I don't know how "skilled" or "qualified" I am, and that scares me. I'm not sure if I'll ever make it there due to what skills (or lack there of) I hold.

I guess what I want to know is, what do you guys suggest?

My fiancee wants to get married because she says that will help me, but I don't want to do anything drastic. She also wants to go back to her home Province of Quebec, but it seems harder to immigrate in Quebec. 

Should I get a work visa and work in Canada then apply for PR?

Is it easier to move to an anglophone province? Or should I try for Quebec anyway?

Should I apply to PR AND THEN find a job?

Does Canada even want a young 21 year old woman who has no college experience and only speaks English?

Should I hire an immigration lawyer and ask him/her?

I just need help! :confused2::juggle:

-Chyanne

P.s. Sorry, this was so long, I tried to just make sure everyone had a good idea where I was coming from!


----------



## colchar (Oct 25, 2011)

You are not qualified enough to emigrate to Canada. There might be other options but others can comment on those.


----------



## EVHB (Feb 11, 2008)

Marriage may qualify you for immigration. Your work experience / education will not.


----------



## Newyorkaise (Nov 30, 2010)

Chyanne, I know you're hoping for some good news on how you can easily move to Canada, but there's not likely to be any. And I can only offer some general, well-intentioned (and long-winded) advice. 

Let me emphasize that I'm just someone who reads this Forum and am absolutely not one of the resident volunteer experts on Canadian immigration (so you can stop reading now if you're hoping for a "quick fix" to your situation...).

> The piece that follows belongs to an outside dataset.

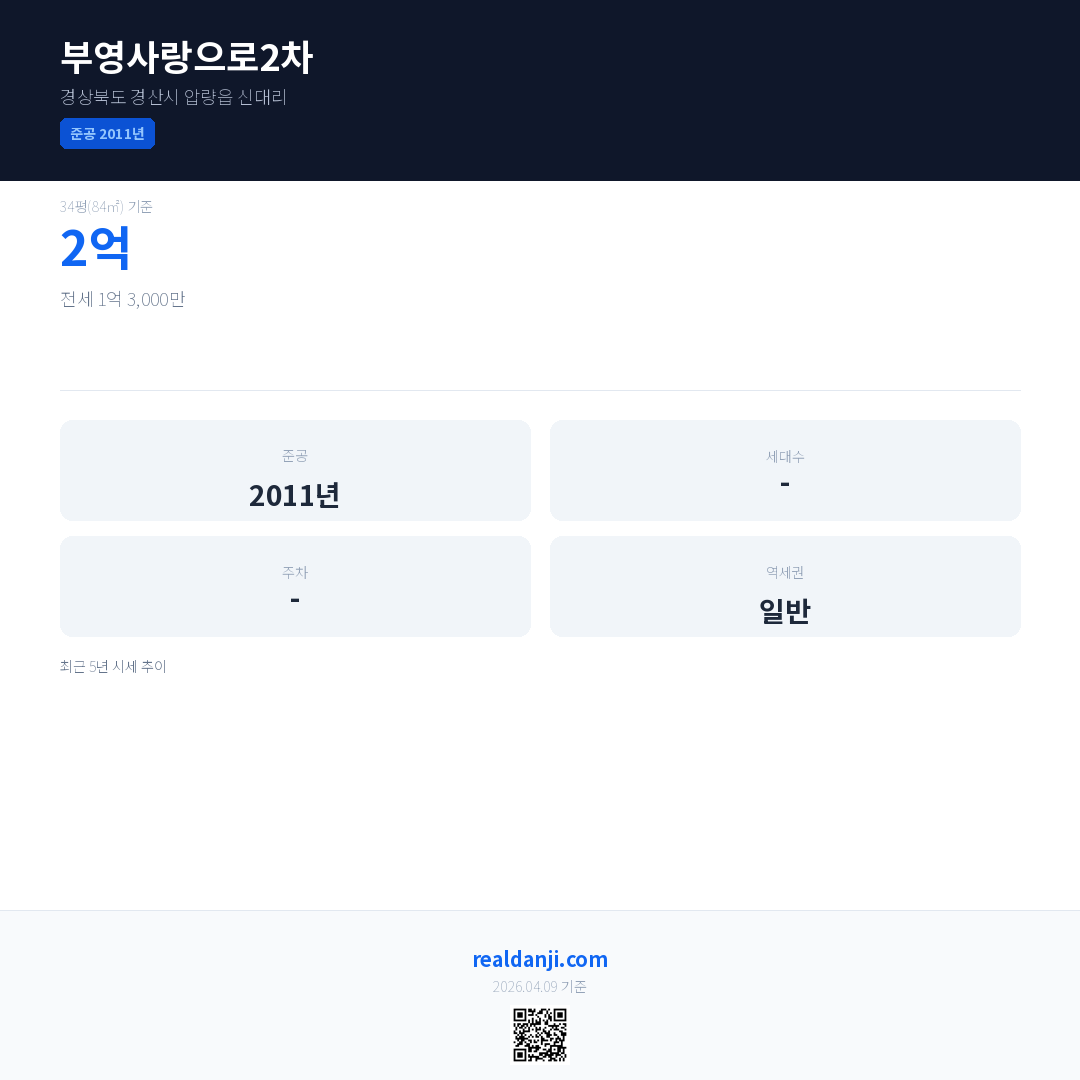 부영사랑으로2차 최근 거래가는 2억입니다. (2026-03)

I truly wouldn't recommend getting married just to make immigration easier (if it even would). I know it's hard not to be able to join your partner, but moving to Quebec with no knowledge of the language and limited work skills would put an incredible stress on your relationship. It's tremendously difficult to live in a community where you don't speak the language, no matter how supportive your partner may be - you need to be able to function in French on a daily basis, and you need to be able to do it alone. What are you going to do when the two of you go out with her friends who don't speak English? It makes for a very isolating situation.

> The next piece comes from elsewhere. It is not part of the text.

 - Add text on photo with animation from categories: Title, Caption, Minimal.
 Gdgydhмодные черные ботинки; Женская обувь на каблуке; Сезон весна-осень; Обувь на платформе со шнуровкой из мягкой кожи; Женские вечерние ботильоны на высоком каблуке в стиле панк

The best I can suggest is to look into careers that may be needed in Canada. Then check your local community college - they're the most cost-effective means of getting both a college education and practical skills training. It'll take you at least a few years, but between being professionally competent and having learned French in the meantime, you'll be in a far better situation to make a move.

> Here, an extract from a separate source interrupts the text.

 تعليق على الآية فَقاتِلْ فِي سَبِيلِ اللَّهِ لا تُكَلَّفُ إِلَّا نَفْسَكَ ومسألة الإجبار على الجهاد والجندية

Sometimes you need to have a long-term plan - I know that's tough if you're 21 (and in love!), but as someone in her late 60s who's making plans for a retirement abroad when I turn 70, I can tell you it doesn't get any easier as you age. I guess that's why everyone tells us that patience is a virtue.

I wish you the best of luck. But, please, don't waste your limited money on an immigration lawyer/consultant who's looking to profit from your situation. Folks here are forthcoming with help for free.

Best wishes for the New Year.


----------



## chill04 (Dec 21, 2015)

I guess I thought I would have at least some type of luck, when looking for a job. I know there is the Canadian Job bank I can look into, but there are just so many ways to handle a situation, I wasn't sure how to handle mine. I know I'm only a cashier, but I do hold some skills. (Handling money, customer service, taking requests, etc.) But I'm just not sure what I would need to do. 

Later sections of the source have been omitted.